Population (2022-12-31)
- • Total: 51
- • Density: 15/km^{2} (39/sq mi)
- Time zone: UTC+01:00 (CET)
- • Summer (DST): UTC+02:00 (CEST)
- Postal codes: 54411
- Dialling codes: 06504
- Vehicle registration: WIL
- Website: www.rorodt.de

= Rorodt =

Rorodt is an Ortsgemeinde – a municipality belonging to a Verbandsgemeinde, a kind of collective municipality – in the Bernkastel-Wittlich district in Rhineland-Palatinate, Germany.

== Geography ==

The municipality lies in the Hunsrück and belongs to the Verbandsgemeinde of Thalfang am Erbeskopf, whose seat is in the municipality of Thalfang.

== History ==

In 1136, Rorodt had its first documentary mention as Roveroth.

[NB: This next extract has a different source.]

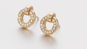 A versatile pair of earrings from Boodles Roulette collection. Taken from the French word for 'little wheel', these beautiful earrings can be worn in two ways to suit the wearer; diamond covered or a simple gold appearance on the reverse. The total diamond weight is approximately 0.23 carats.

Rorodt belonged until Secularization to the Archbishopric of Trier and was part of the Mark Thalfang, a territory roughly corresponding to today's Verbandsgemeinde. After French rule ended, the village passed in 1814 to the Kingdom of Prussia. Since 1947, it has been part of the then newly founded state of Rhineland-Palatinate.

== Politics ==

The municipal council is made up of 6 council members (who were elected by majority vote proportional representation at the municipal election held on 7 June 2009) with the honorary mayor as chairman.